The catastrophic forgetting problem
There’s a second, related phenomenon worth understanding. When you take a model that’s already been trained and continue training it on new data, you risk erasing what it previously learned. This is called catastrophic forgetting, and it’s a genuine unsolved problem in machine learning research.
The mechanism is straightforward once you see it. Training adjusts the model’s parameters to minimize error on the current batch of data. If the new data looks different from the old data, the parameter adjustments that improve performance on the new data will, by necessity, move the parameters away from where they were for the old data. The model’s weights are finite. There’s no separate “memory” for old knowledge and new knowledge. It’s all the same parameters.
This is part of why AI systems that seem to learn continuously can actually lose previously reliable capabilities. A model that was excellent at answering questions about 2020 events might become noticeably worse at that task after being updated with 2023 data, depending on how the fine-tuning was done.
When the data itself is the problem
Something that doesn’t get discussed enough is data quality as a compounding issue at scale. At small dataset sizes, a few bad examples don’t move the needle much. At massive scale, systematic biases in data collection become load-bearing structures in the model’s worldview.
Large language models trained on web-scraped text are a good case study. The web is not a neutral sample of human knowledge. It over-represents English speakers, younger demographics, people who have internet access and time to write things online, and communities that congregate around certain platforms. It under-represents domain experts (who mostly publish behind paywalls), non-English speakers, older knowledge encoded in physical formats, and careful reasoning (because careful reasoning takes longer to write and gets fewer clicks than confident assertions).
When you train on more web data, you don’t necessarily get a better model. You sometimes get a model that’s more confidently wrong in patterned ways, because the patterns of confident wrongness are well-represented in the training corpus.
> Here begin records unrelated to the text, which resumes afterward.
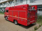 校庭に消防車が止まっています。
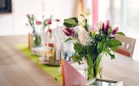 Die große gemütliche Wohnküche ist das Herzstück des Hauses. Der robuste Esstisch und die Couchecke laden ein, zu gemeinsamen Mahlzeiten, Gespräch und Begegnung.
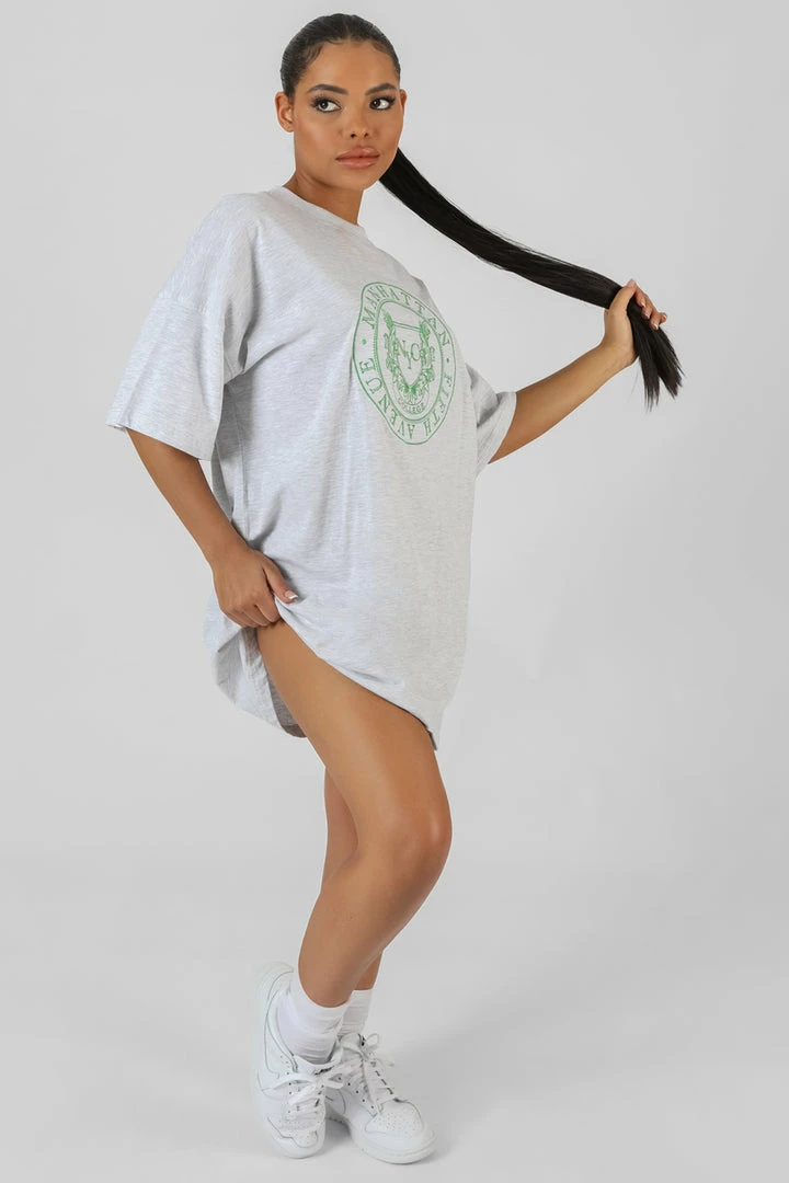 An oversized fit t-shirt dress in oatmeal marl with dress embroidery.
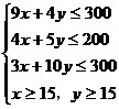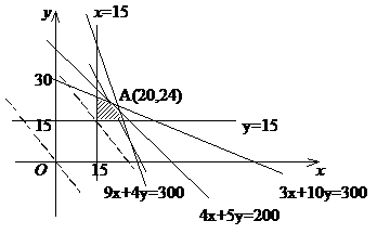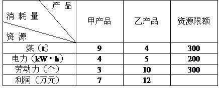 例10. 某工厂有甲、乙两种产品,计划每天各生产量不少于15t,已知生产甲产品1t,需煤9t,电力4kW·h,劳动力3个;生产乙产品1t需煤4t,电力5kW·h,劳动力10个。甲产品每1t利润7万元,乙产品每1t利润12万元,但每天用煤不超过300t,电力不超过200kW·h,劳动力只有300个,问每天各生产甲、乙两种产品多少,能使利润总额达到最大?

The scaling laws research from groups like DeepMind (particularly the Chinchilla paper from 2022) made this concrete in a surprising way. The researchers found that many large language models at the time were undertrained relative to their size. They were using too many parameters for the amount of data, rather than the other way around. But the more important takeaway was that the composition and quality of data mattered as much as raw volume. A smaller model trained on better-curated data could outperform a larger model trained on more but worse data.
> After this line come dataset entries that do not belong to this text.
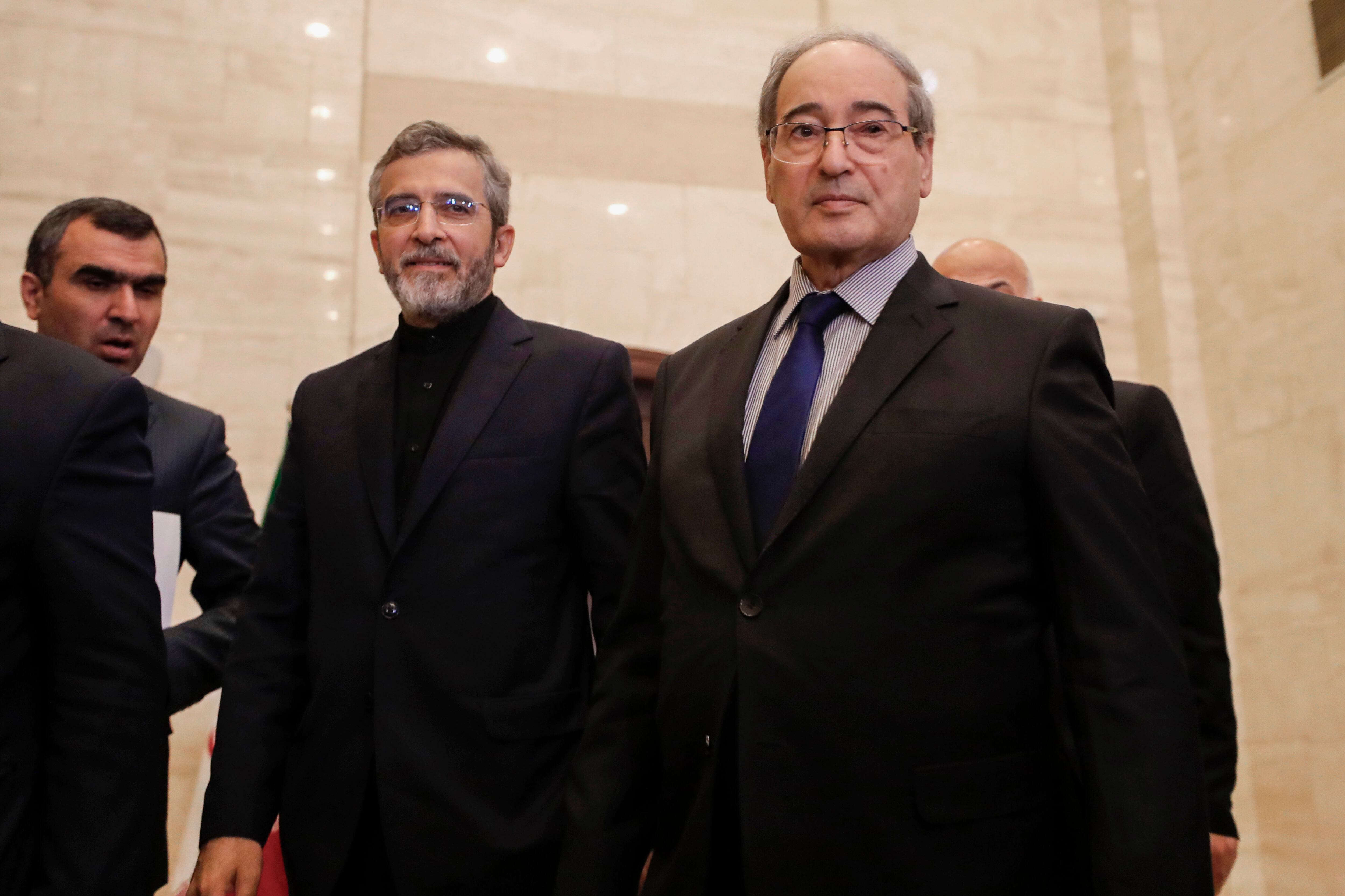 El canciller sirio Faisal Mekdad (der) con el canciller iraní Ali Bagheri Kani (cent) en Damasco, Siria, el 4 de junio de 2024.. (Foto AP/Omar Sanadiki) AP (Omar Sanadiki/AP)
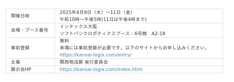 ソフトバンクロボティクス株式会社(本社:東京都港区、代表取締役社長 兼 CEO:冨澤 文秀)は、2025年4月9日(水)から11日(金)までインテックス大阪で開催される「第6回 関西物流展」に出展し、物流センターの自動化・全体最適化を実現するさまざまなソリューションを紹介します。
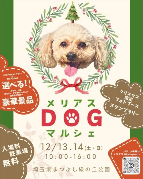 【埼玉県北葛飾郡】2025年12月13日(土)、14日(日)『メリアスドックマルシェ』がまつぶし緑の丘公園...

What this means in practice
If you’re building something on top of AI models, or thinking about AI systems for a specific domain, the practical implications are worth sitting with.
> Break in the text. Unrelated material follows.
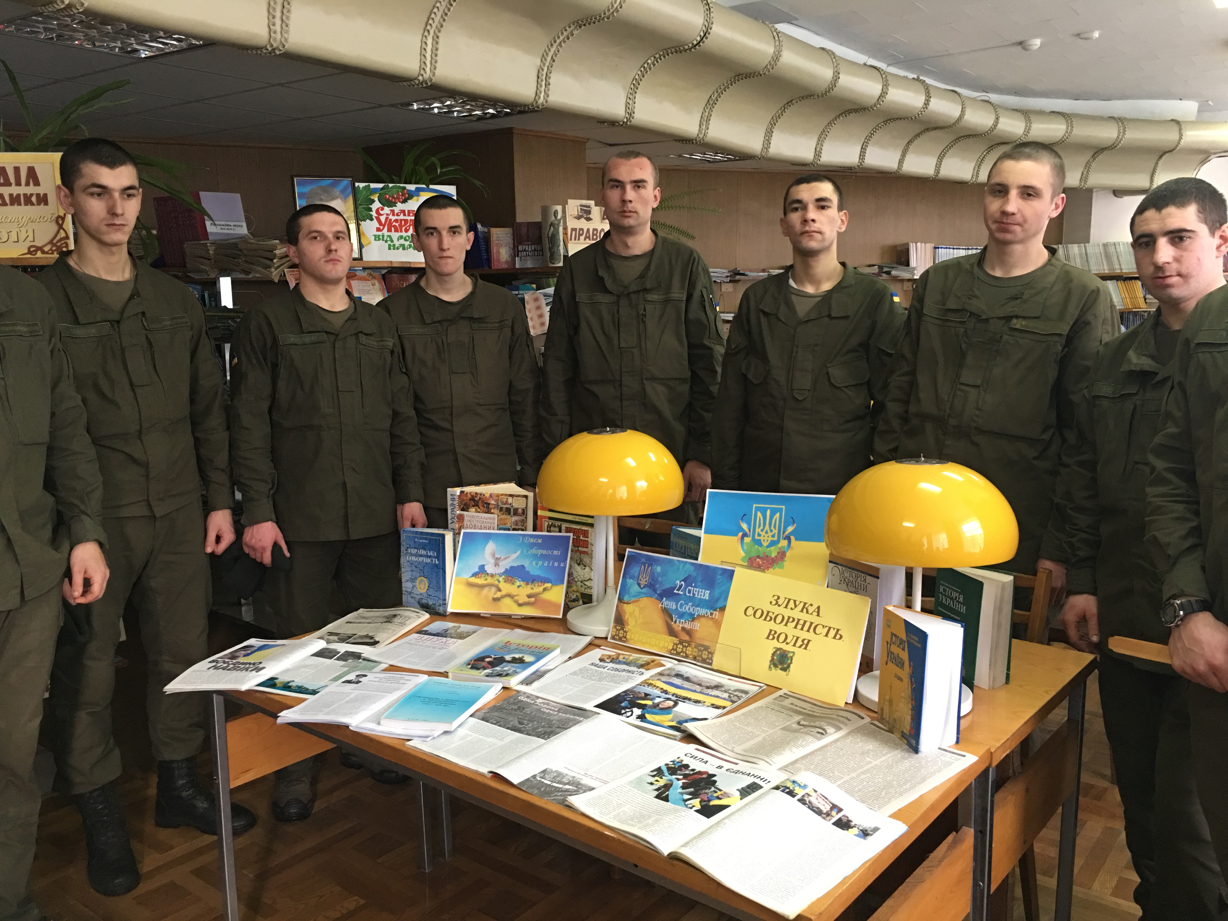 22 січня знаменній події був присвячений історичний хронограф  «Від історичної Злуки до омріяної злагоди», на який запрошено військовослужбовців Хмельницького батальйону Національної гвардії України. Розповідь бібліотекаря про події майже 100-річної давнини доповнили  відеофільм «Соборна Україна»  та слайд – презентація «Злука – омріяна поколіннями», один із розділів якої розповідає про сучасну історію України –  події  в зоні АТО.    Читачам  була   представлена  книжкова експозиція – «Злука. Соборність. Воля», на якій розкрито книги та матеріали періодичних видань, світлини, документи, що висвітлюють період діяльності ЗУНР та УНР,  віхи об’єднавчого руху, який наприкінці 1918 та початку 1919 року охопив всю Україну.

First, more data is not a substitute for better data. A team that spends its budget on data cleaning and curation will often outperform a team that spends the same budget on raw data collection. This is counterintuitive because data collection feels like progress in a way that data cleaning doesn’t, but the engineering reality is clear.
Second, when an AI system starts performing worse after an update or after ingesting new information, the first question to ask is about the data that was added, not the model architecture. In my experience, this is almost always the culprit, and it’s almost always the last place people look.
Third, there’s no shortcut around evaluation on held-out data that looks like your actual deployment conditions. A model can show excellent metrics on a test set and still fail badly in production if the test set doesn’t reflect what it will actually encounter. The training data determines what the model knows. The evaluation data determines whether you know that the model knows it. Those are different problems and they need different solutions.
More is not better. More of the right thing, carefully evaluated, is better. That’s a harder problem, but it’s the actual problem.